• **Assigned task**
Print the line containing "Отправляйтесь за покупками" and all lines after it, unchanged, through the end of the data. Leave the pictures out.

• **Stored dataset items**
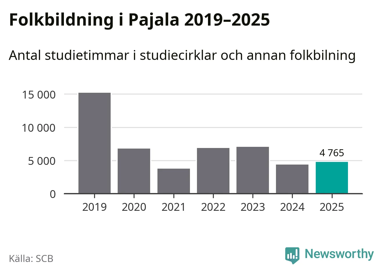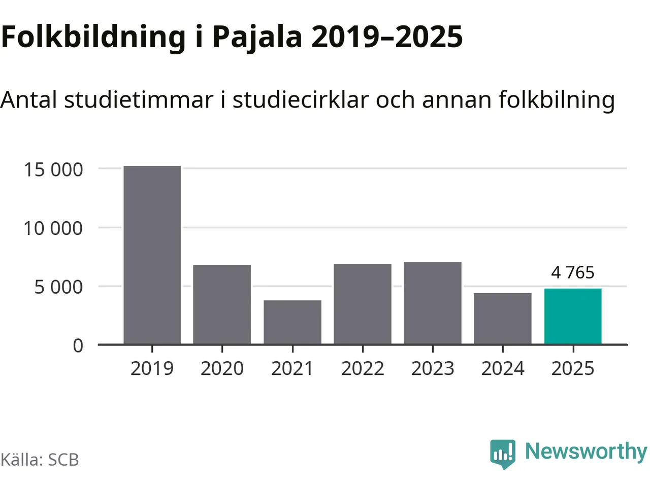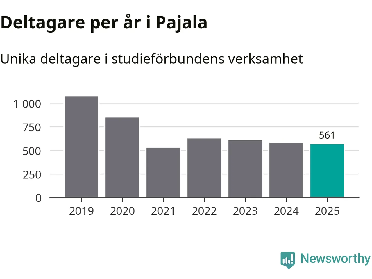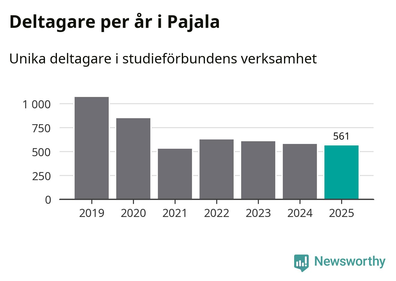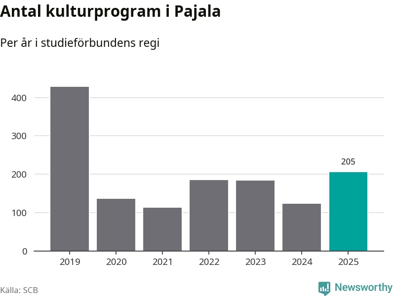 Sett till unika deltagare är folkbildningen på tillbakagång i Pajala. 2025 deltog 561 personer i studieförbundens verksamhet, vilket är en minskning med tre procent jämfört med året innan. Det innebär att var tionde invånare i kommunen deltog i studieförbundens verksamhet under 2025. Det är den näst högsta andelen i Norrbotten.
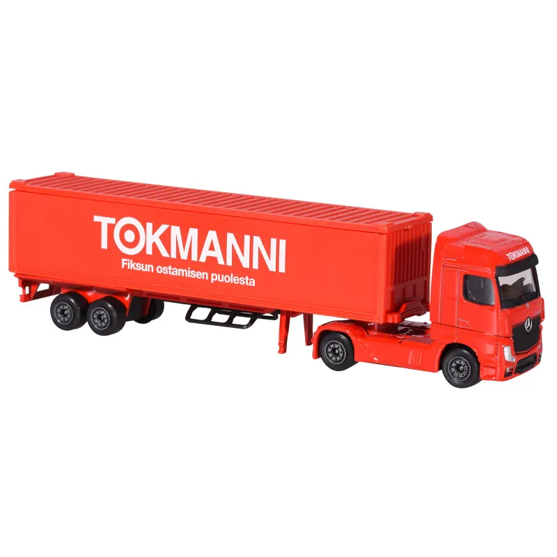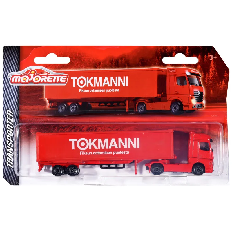 Отправляйтесь за покупками на настоящем грузовике Tokmanni! Этот грузовик Majorette, украшенный логотипами Tokmanni, имеет прочный металлический каркас и длину 20 см. Он оснащен съемной кабиной и свободно вращающимися колесами.
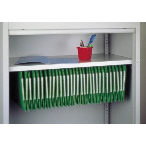 Náhradná polica ku dvojdverovej skrini. Náhradná polica je vyrobená z ocele. Je kľúčom uzamykateľná. Má 2 bodovú bezpečnosť. Polica umožňuje aj skladovanie závesných zakladacích dosiek.
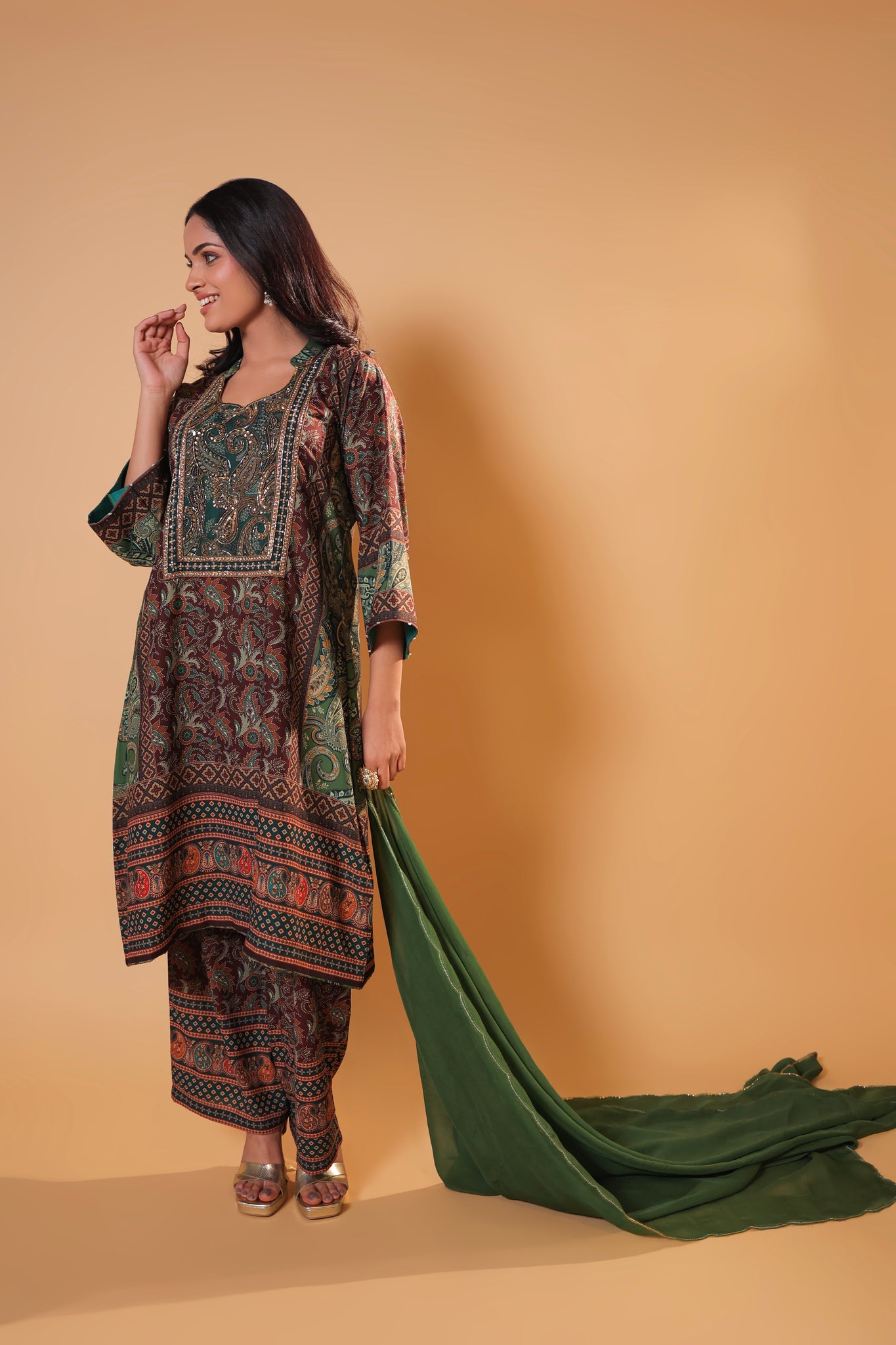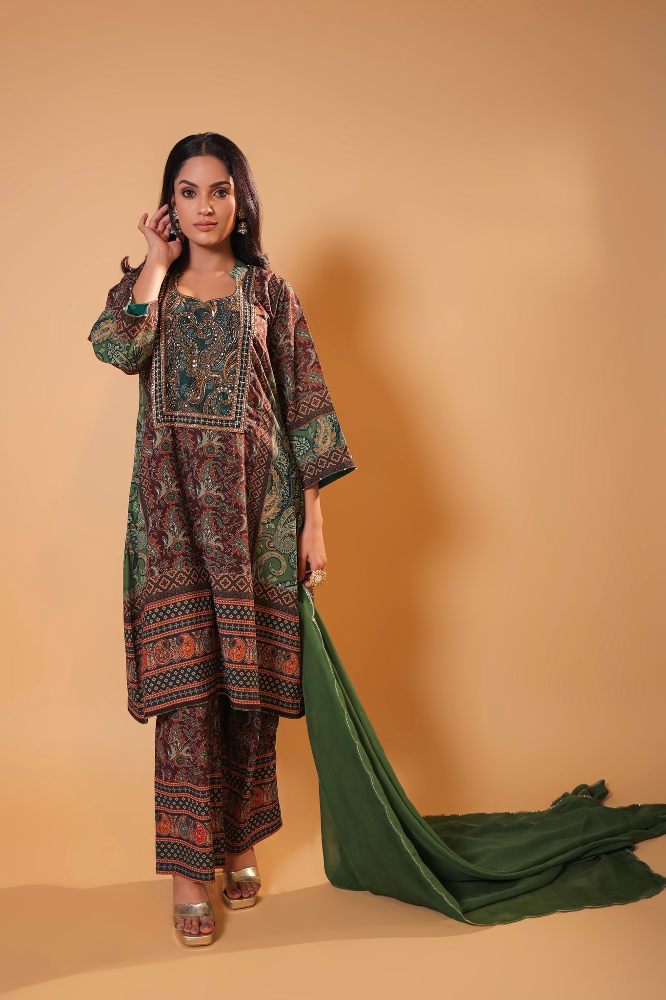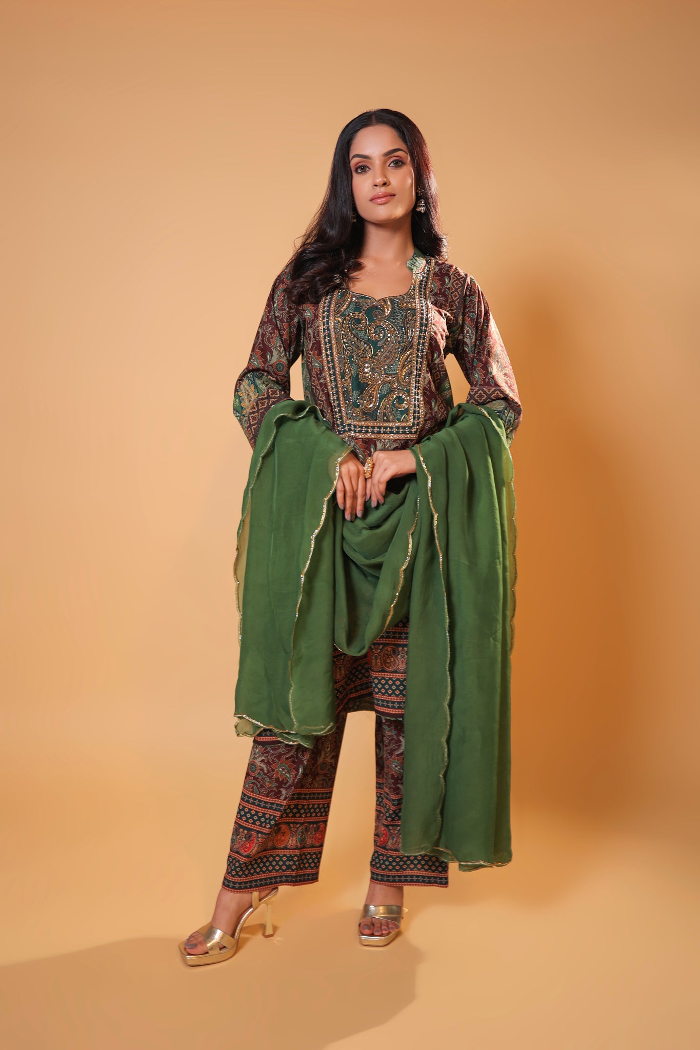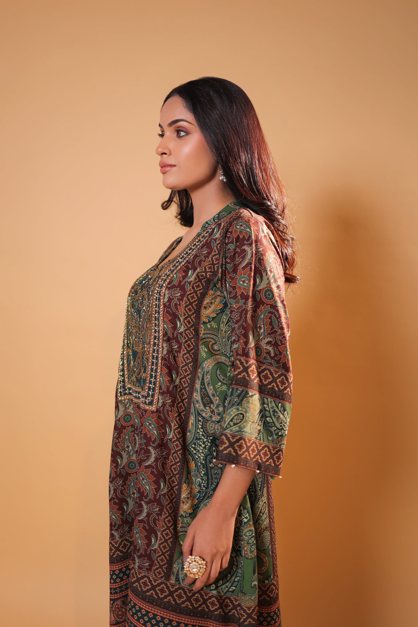 Introducing our latest collection featuring stunning USP prints and intricate embroidery details that make each piece a true work of art. Our A-Line Kurtas are designed for versatility and comfort, perfect for any occasion.
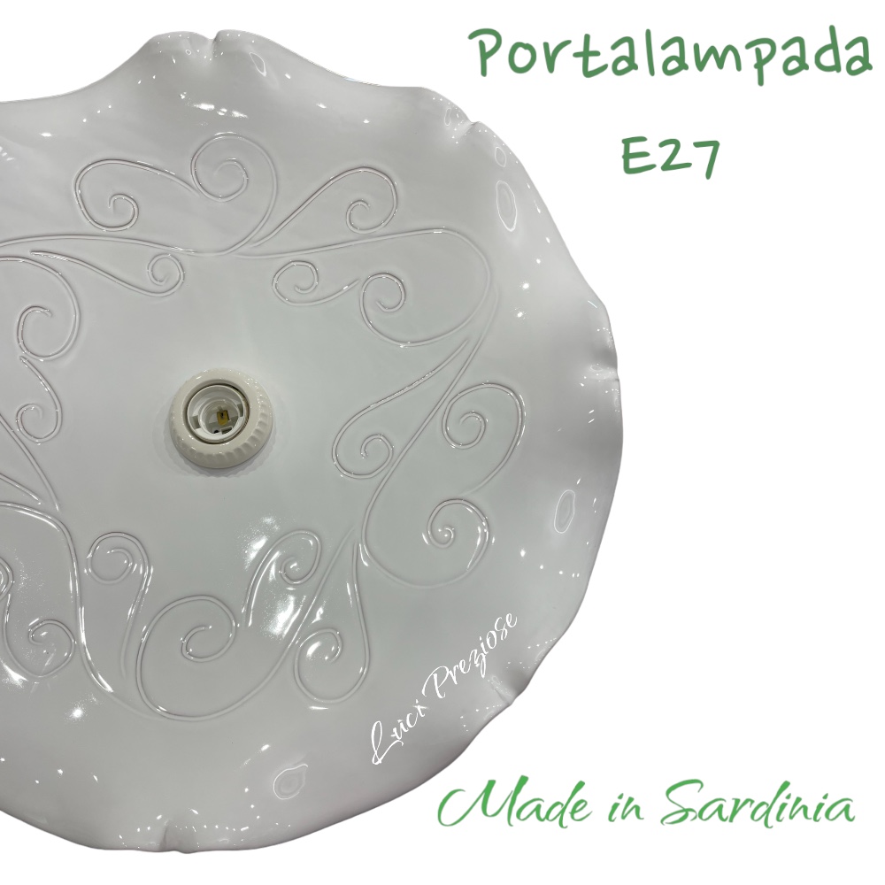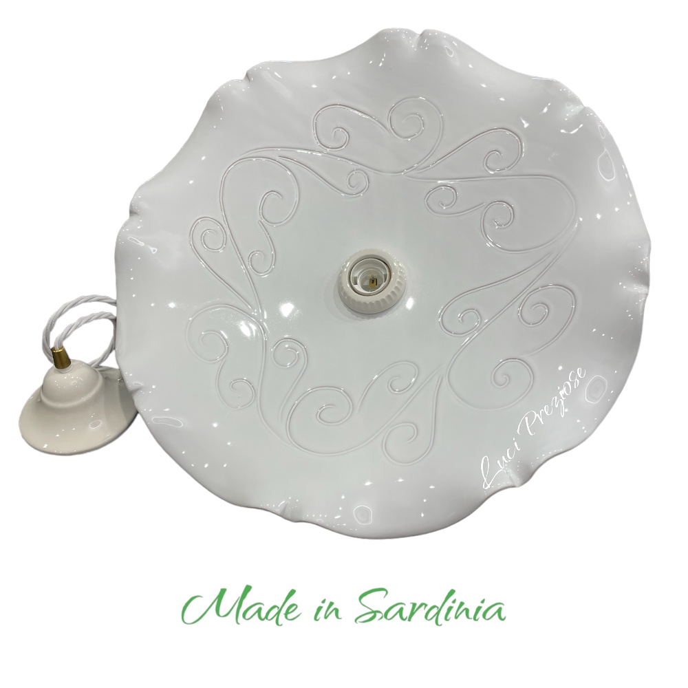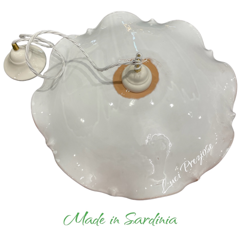 Ceramica lavorata e disegnata a mano nei colori bianco e cotto Montatura con filo treccia bianco regolabile - lunghezza max:105 cm

• **Answer below**
 Отправляйтесь за покупками на настоящем грузовике Tokmanni! Этот грузовик Majorette, украшенный логотипами Tokmanni, имеет прочный металлический каркас и длину 20 см. Он оснащен съемной кабиной и свободно вращающимися колесами.
 Náhradná polica ku dvojdverovej skrini. Náhradná polica je vyrobená z ocele. Je kľúčom uzamykateľná. Má 2 bodovú bezpečnosť. Polica umožňuje aj skladovanie závesných zakladacích dosiek.
 Introducing our latest collection featuring stunning USP prints and intricate embroidery details that make each piece a true work of art. Our A-Line Kurtas are designed for versatility and comfort, perfect for any occasion.
 Ceramica lavorata e disegnata a mano nei colori bianco e cotto Montatura con filo treccia bianco regolabile - lunghezza max:105 cm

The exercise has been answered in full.